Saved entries
*** Block opens ***

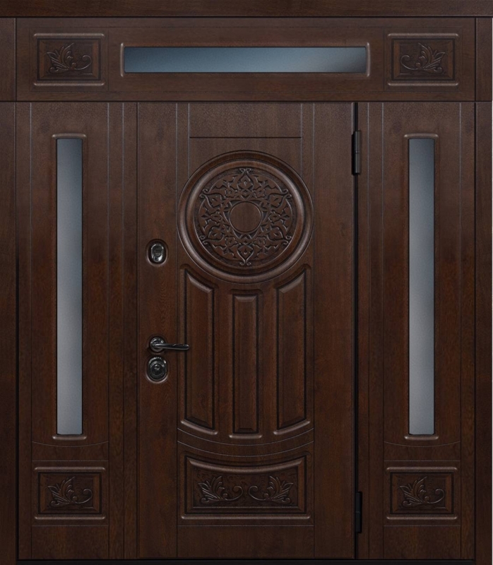 Эта нестандартная парадная дверь с фрамугой №6 — отличный выбор для тех, кто ценит элегантность и долговечность. Внешняя и внутренняя отделка из МДФ придает дверям стильный и современный вид, а также защиту от механических повреждений. МДФ устойчива к царапинам и вмятинам, что делает дверь идеальной для долгосрочной эксплуатации. Каркас из профильной трубы 50х25 мм и лист металла толщиной 2 мм обеспечивают прочность и надежность, а ребра жесткости из профильных труб гарантируют дополнительную устойчивость. В двери установлены блокираторы, два контура уплотнителей из резины, что повышает звуко- и теплоизоляцию. Замки от известных производителей, таких как Просам и Мосрентген, обеспечат надежную защиту. Возможность комбинировать отделку, добавлять зеркало, стеклопакет или кованые элементы позволяет легко адаптировать дверь под любые предпочтения. Нестандартная парадная дверь с фрамугой №6 от производителя: быстрое изготовление и монтаж в Коломне, индивидуальные размеры, широкий выбор материалов и фурнитуры, официальная гарантия до 10 лет.
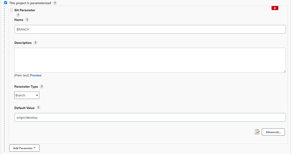 git parameter을 사용하기 위해 프로젝트 설정에서 “This project is parameterized”를 체크 표시해야 한다. 그러면 git parameter 관련 설정 항목이 표시된다.
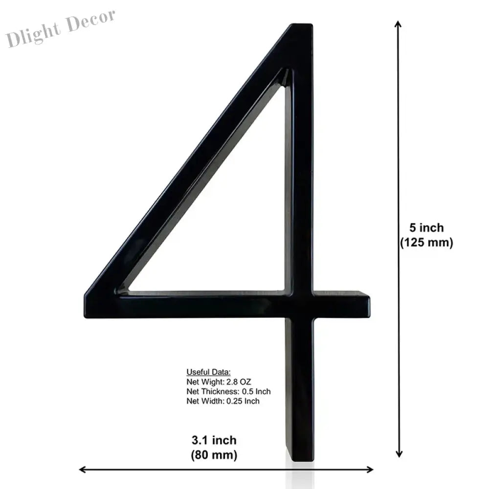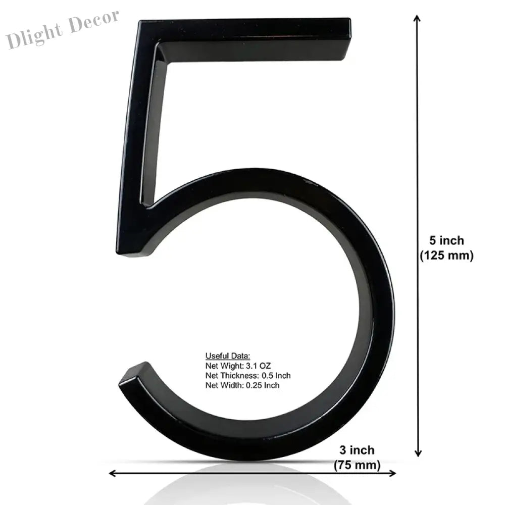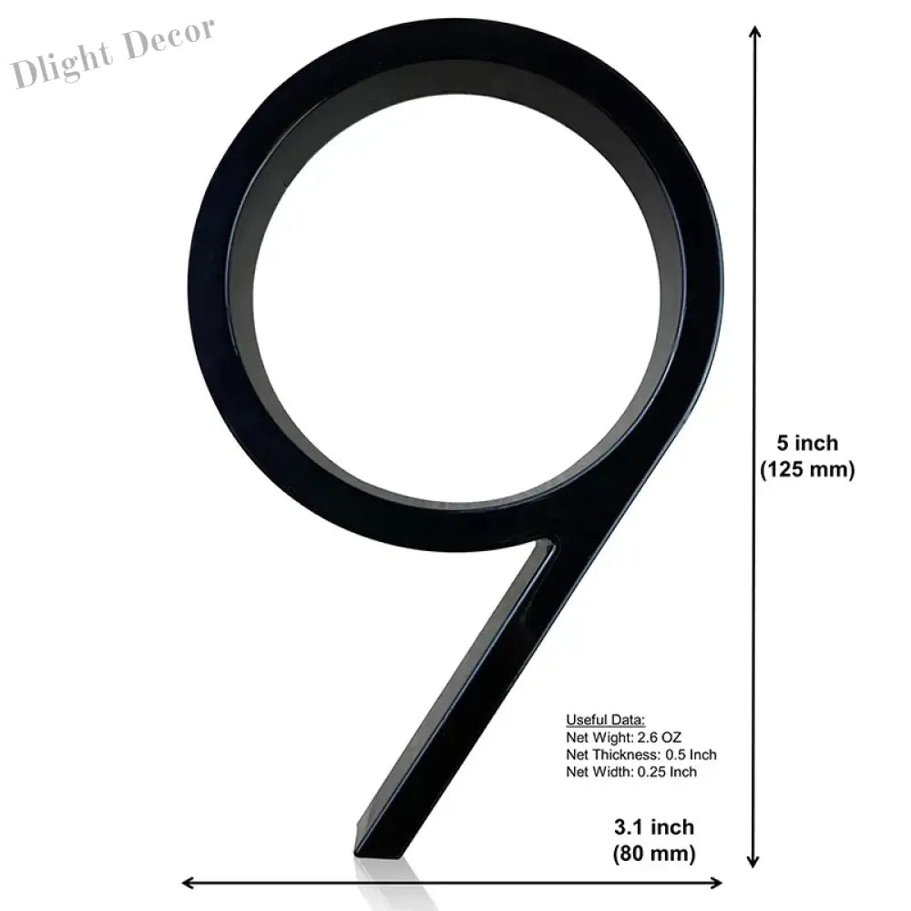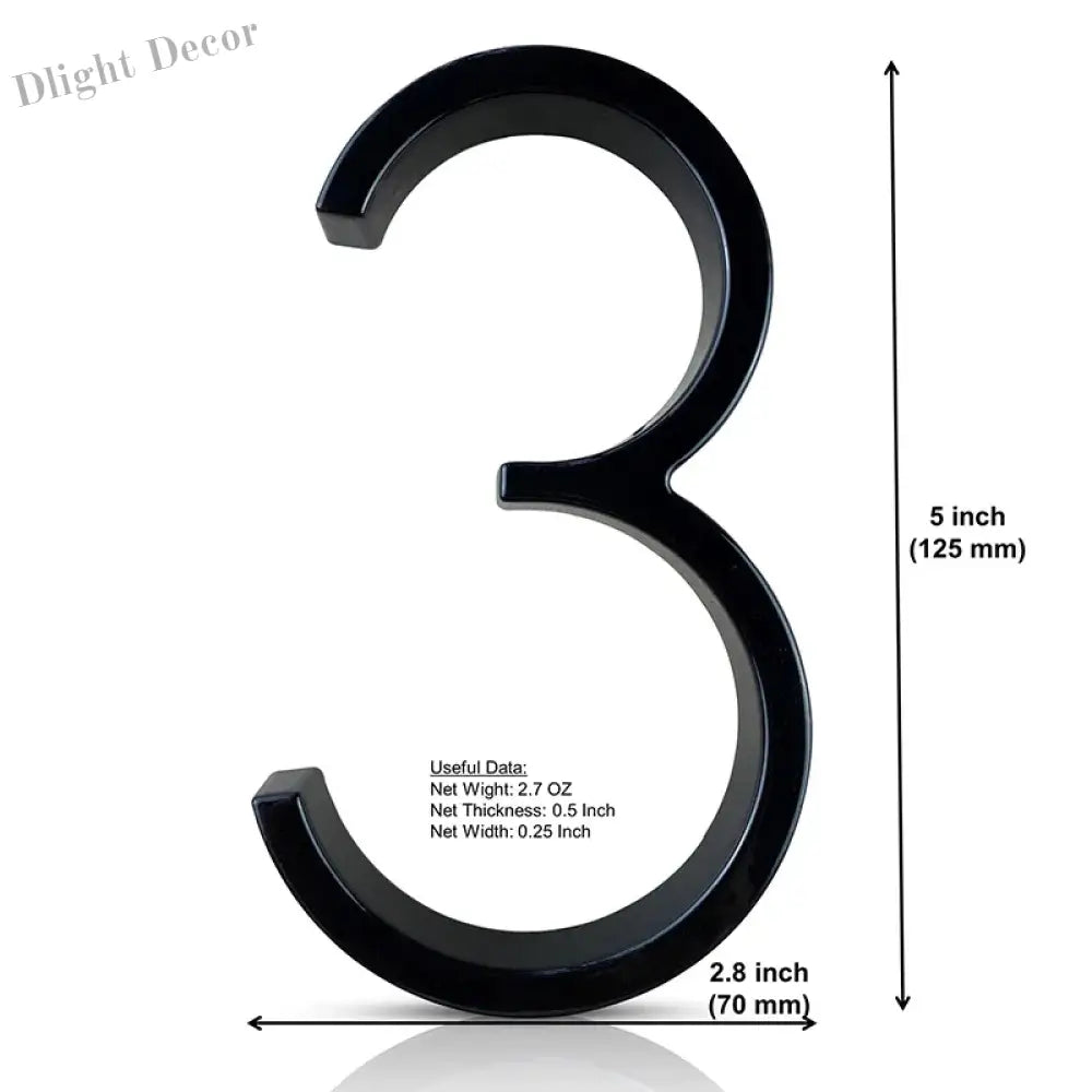 Upgrade your home's curb appeal with these stylish 125mm 3D Black Zinc House Numbers. Designed with Arabic numerals and a sleek black finish, these numbers can be installed in two ways: directly on the wall with glue or fixed on a holder for a floating effect. Made from durable zinc material, they offer a modern and polished look, perfect for house doorplates or business signage.
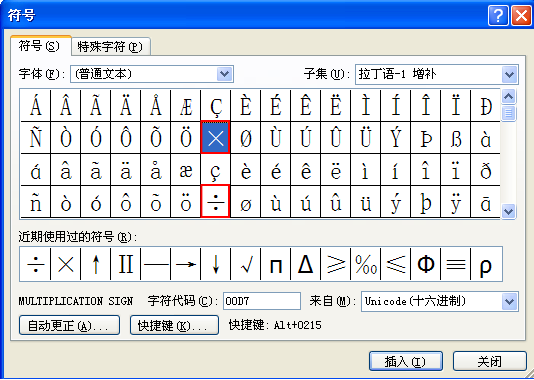 2、在弹出的符号对话框中,选择×号,单击插入按钮;选择÷号,单击插入按钮,最后单击关闭按钮即可。
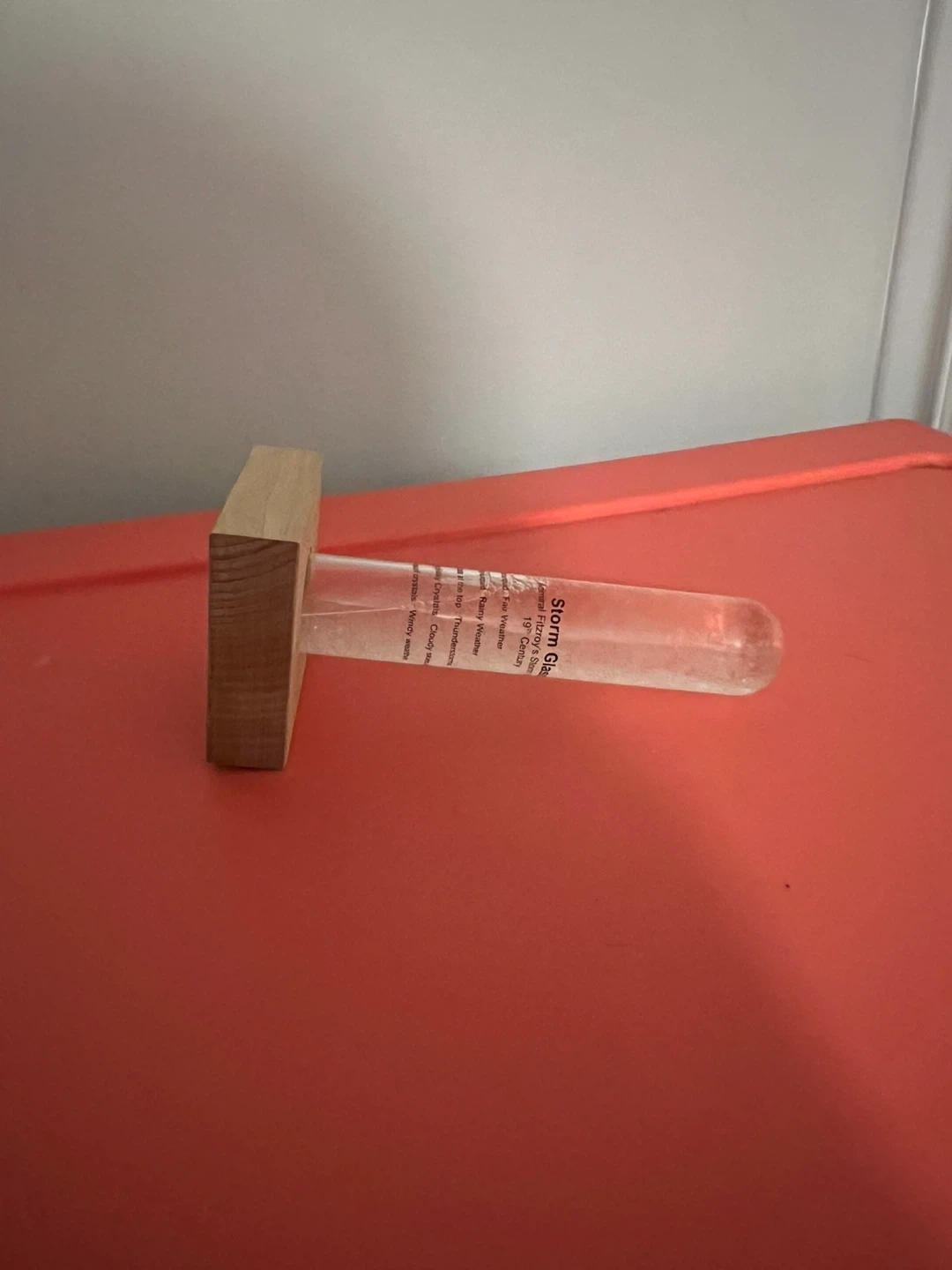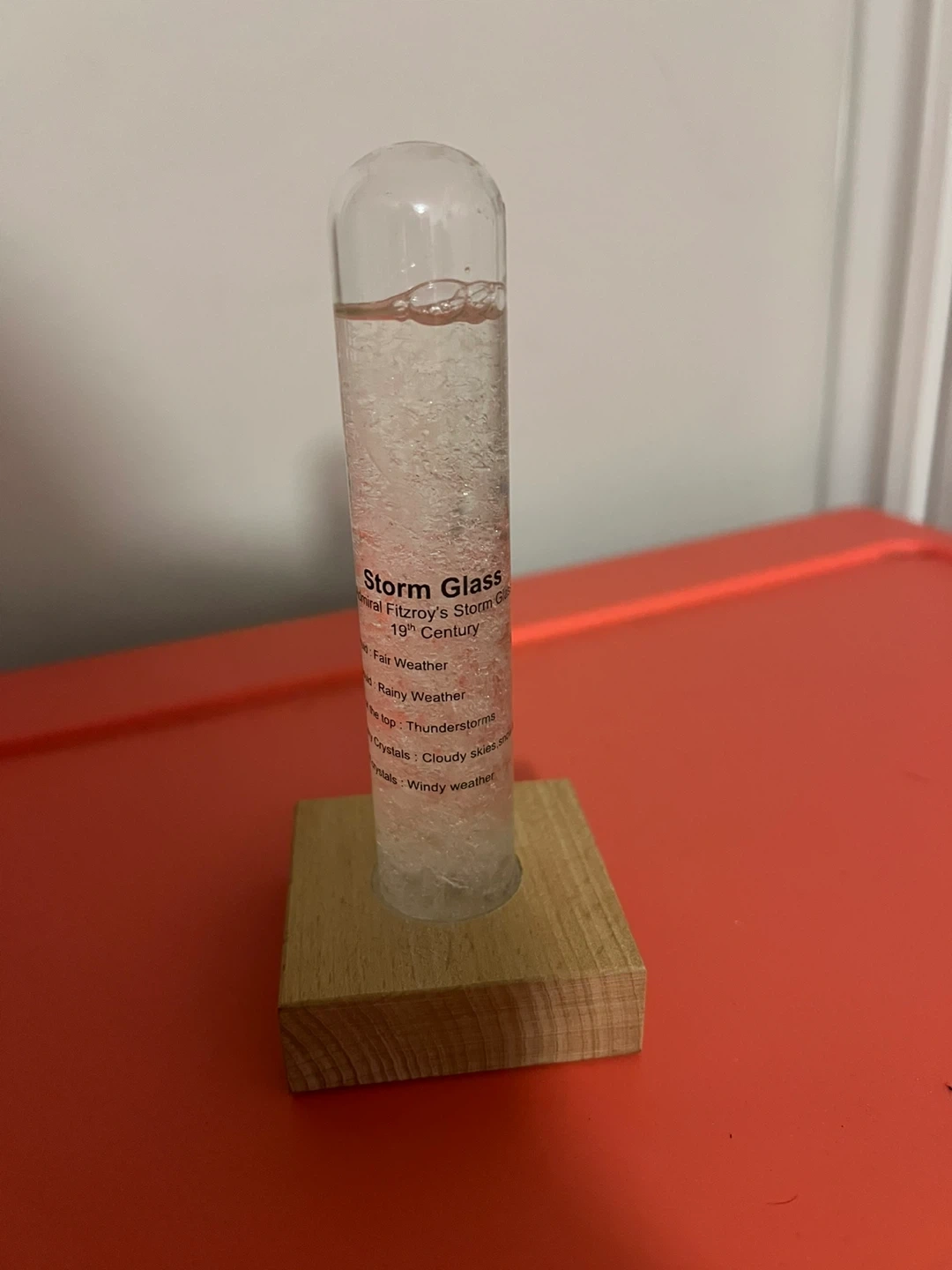 This is a Storm Glass weather predictor. It's based on Admiral Fitzroy's Storm Glass from the 19th Century. The liquid inside changes appearance to predict weather conditions like fair weather, rain, thunderstorms, or windy weather.

*** Block closes ***

Send back every line above exactly, skipping all pictures.

Solution to the exercise.
 Эта нестандартная парадная дверь с фрамугой №6 — отличный выбор для тех, кто ценит элегантность и долговечность. Внешняя и внутренняя отделка из МДФ придает дверям стильный и современный вид, а также защиту от механических повреждений. МДФ устойчива к царапинам и вмятинам, что делает дверь идеальной для долгосрочной эксплуатации. Каркас из профильной трубы 50х25 мм и лист металла толщиной 2 мм обеспечивают прочность и надежность, а ребра жесткости из профильных труб гарантируют дополнительную устойчивость. В двери установлены блокираторы, два контура уплотнителей из резины, что повышает звуко- и теплоизоляцию. Замки от известных производителей, таких как Просам и Мосрентген, обеспечат надежную защиту. Возможность комбинировать отделку, добавлять зеркало, стеклопакет или кованые элементы позволяет легко адаптировать дверь под любые предпочтения. Нестандартная парадная дверь с фрамугой №6 от производителя: быстрое изготовление и монтаж в Коломне, индивидуальные размеры, широкий выбор материалов и фурнитуры, официальная гарантия до 10 лет.
 git parameter을 사용하기 위해 프로젝트 설정에서 “This project is parameterized”를 체크 표시해야 한다. 그러면 git parameter 관련 설정 항목이 표시된다.
 Upgrade your home's curb appeal with these stylish 125mm 3D Black Zinc House Numbers. Designed with Arabic numerals and a sleek black finish, these numbers can be installed in two ways: directly on the wall with glue or fixed on a holder for a floating effect. Made from durable zinc material, they offer a modern and polished look, perfect for house doorplates or business signage.
 2、在弹出的符号对话框中,选择×号,单击插入按钮;选择÷号,单击插入按钮,最后单击关闭按钮即可。
 This is a Storm Glass weather predictor. It's based on Admiral Fitzroy's Storm Glass from the 19th Century. The liquid inside changes appearance to predict weather conditions like fair weather, rain, thunderstorms, or windy weather.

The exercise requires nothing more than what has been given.